** Opening Exercise data block **
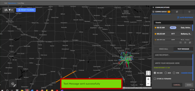 Use the Text Message tab to select recipients to send data messages to. You will also determine the response type needed: does the message require an acknowledgement? Is it a 'yes/no' response type? Do you just want to send a message that doesn't require an acknowledgment? After creating the message, you'll press send. You are also able to use canned text messages here, to save you time, if they have been created on the Canned Messages tab.
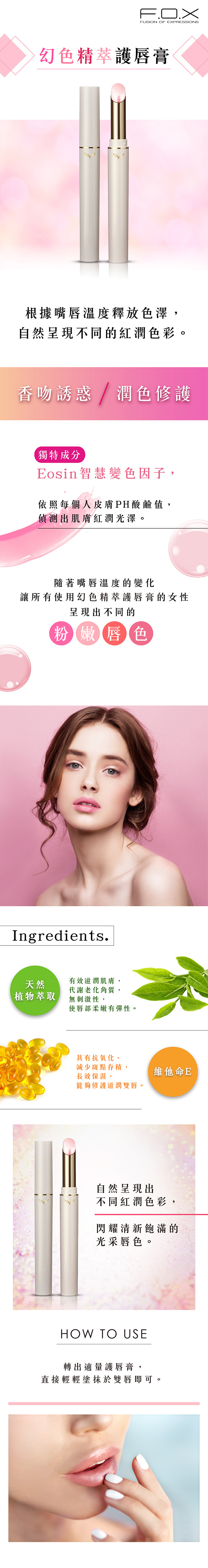 採用紅瓜果、羅勒花葉萃取物,及添加珊瑚藻及庫拉索蘆薈等保濕成份,能緊實、修護、嫩白雙脣,高度提升飽水及滋潤度。依據每個人唇部含水量,自然呈現不同粉潤唇色,適合各種唇色使用。
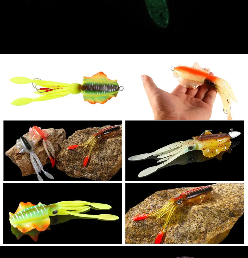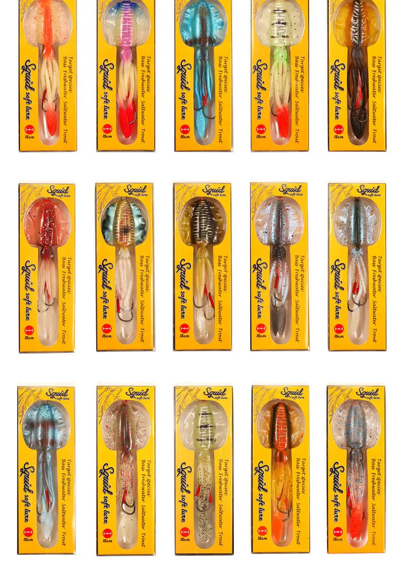 Como señuelo suave faldas de calamar cebo 15cm60g señuelo de pesca pulpo barco pesca en el mar PVC goma Artificial cebo suave Trolling Leurre
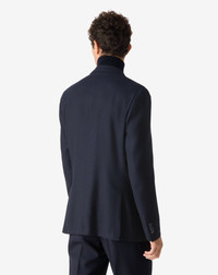 China blue single-breasted pure wool hopsack jacket
** Closing Exercise data block **
§ **What is expected**
Copy out all the data exactly; skip the pictures.

§ **Written answer**
 Use the Text Message tab to select recipients to send data messages to. You will also determine the response type needed: does the message require an acknowledgement? Is it a 'yes/no' response type? Do you just want to send a message that doesn't require an acknowledgment? After creating the message, you'll press send. You are also able to use canned text messages here, to save you time, if they have been created on the Canned Messages tab.
 採用紅瓜果、羅勒花葉萃取物,及添加珊瑚藻及庫拉索蘆薈等保濕成份,能緊實、修護、嫩白雙脣,高度提升飽水及滋潤度。依據每個人唇部含水量,自然呈現不同粉潤唇色,適合各種唇色使用。
 Como señuelo suave faldas de calamar cebo 15cm60g señuelo de pesca pulpo barco pesca en el mar PVC goma Artificial cebo suave Trolling Leurre
 China blue single-breasted pure wool hopsack jacket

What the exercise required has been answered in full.